_What is being asked_
The entire listing below is to be written out exactly, minus the pictures.

-- Raw data follows --

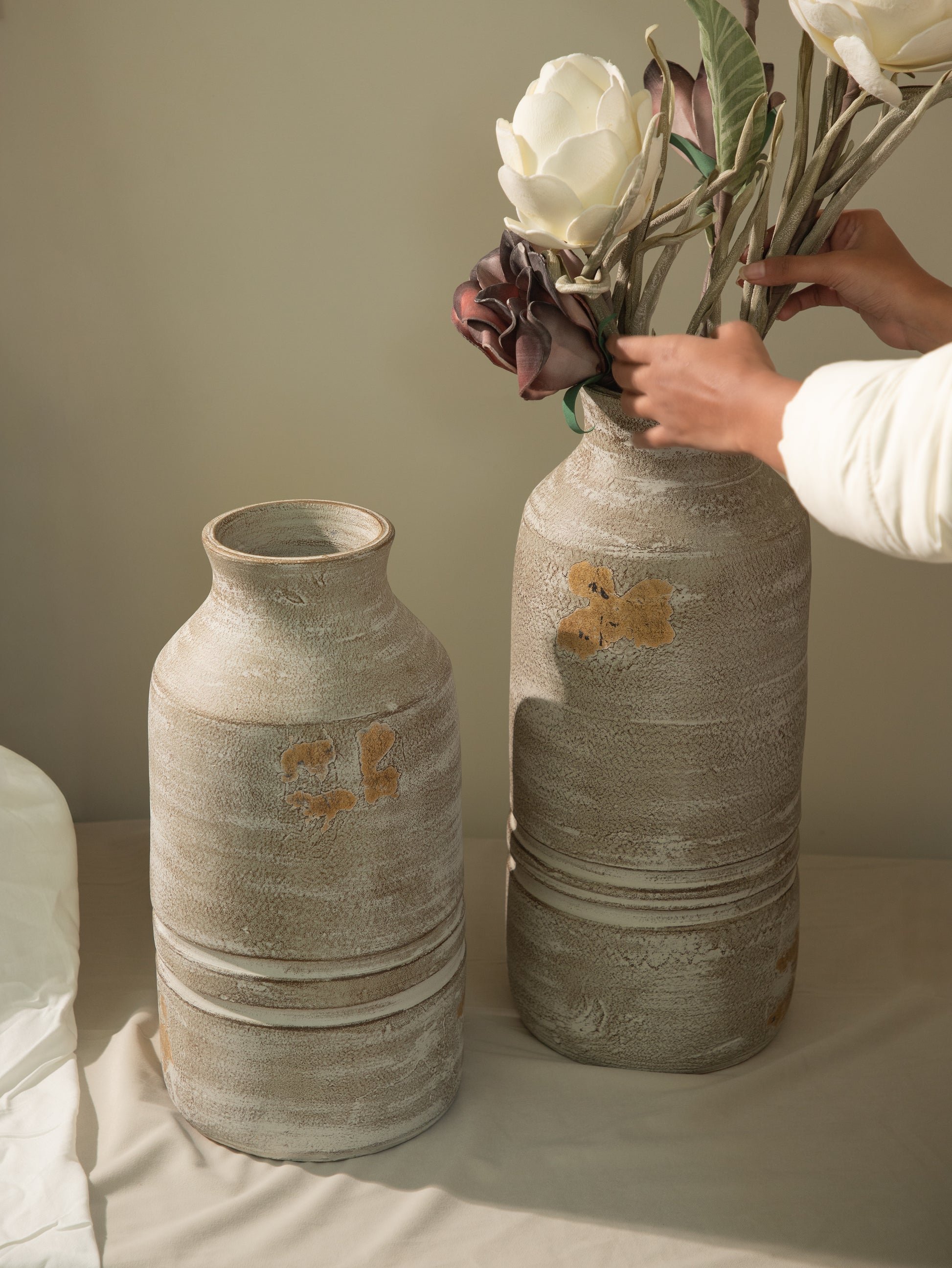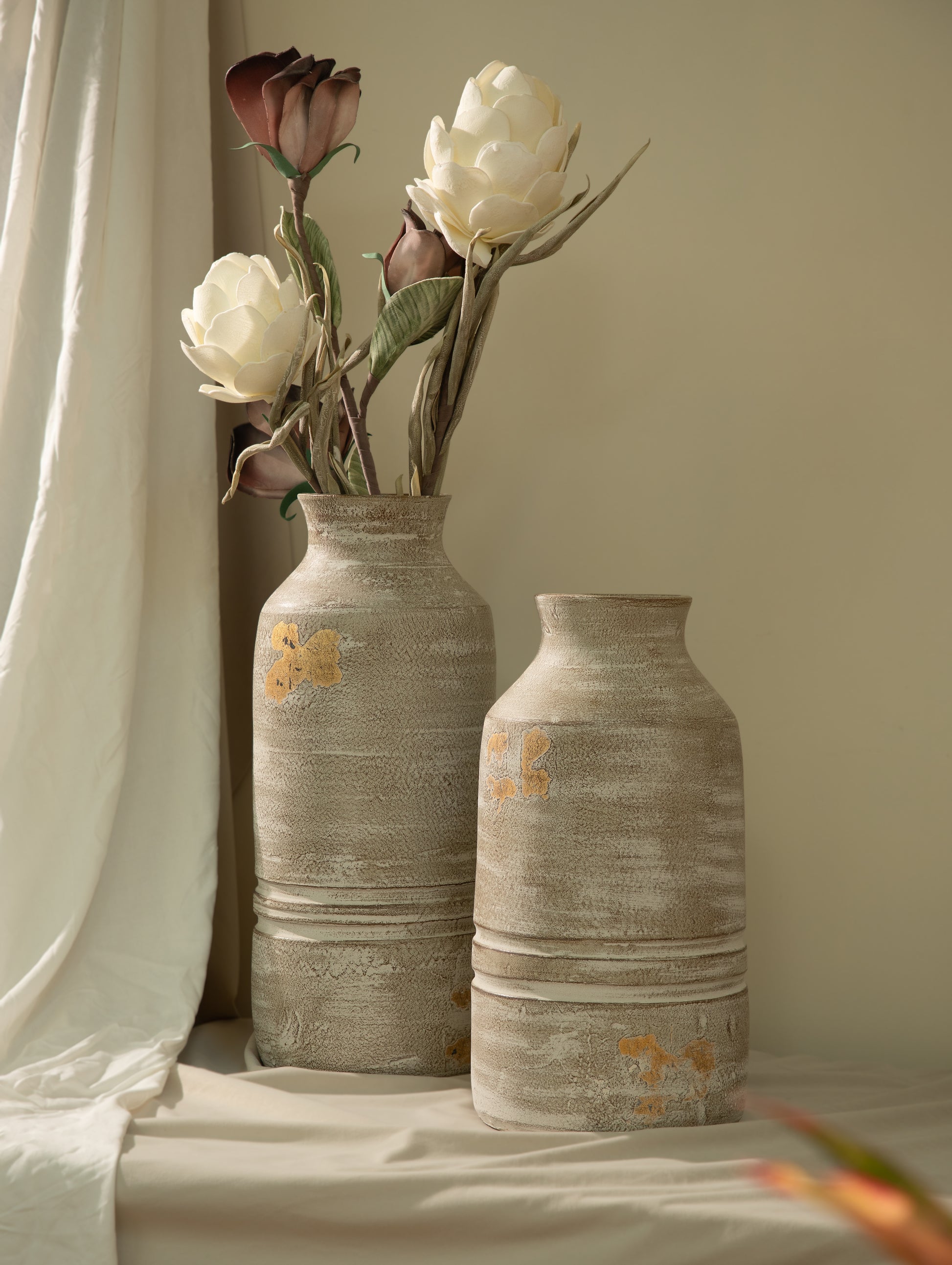 The finishes vary in character and mood: soft matte surfaces that absorb light quietly, burnished and metallic tones that reflect it with warmth, and textured treatments that invite touch and closer inspection. Subtle irregularities, born from hand processes, are not concealed but celebrated, lending each vase a sense of individuality and quiet depth.
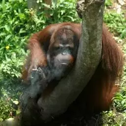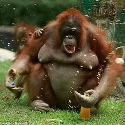 猩猩也叫人猿,灵长目人科 的一属,与猴子最大不同的地方就是没有尾巴,能用手或脚拿东西。马来语和印…
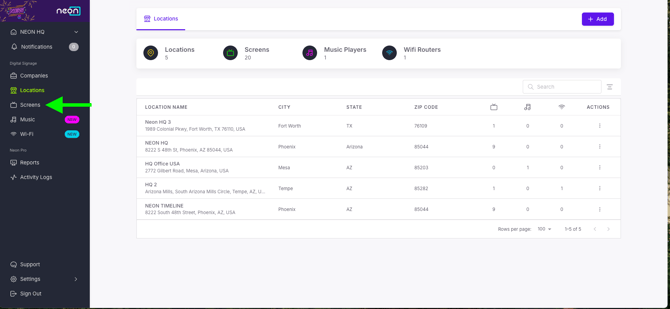 Select Screens from the left navigation menu

-- Raw data concluded --

_Exercise solution_
 The finishes vary in character and mood: soft matte surfaces that absorb light quietly, burnished and metallic tones that reflect it with warmth, and textured treatments that invite touch and closer inspection. Subtle irregularities, born from hand processes, are not concealed but celebrated, lending each vase a sense of individuality and quiet depth.
 猩猩也叫人猿,灵长目人科 的一属,与猴子最大不同的地方就是没有尾巴,能用手或脚拿东西。马来语和印…
 Select Screens from the left navigation menu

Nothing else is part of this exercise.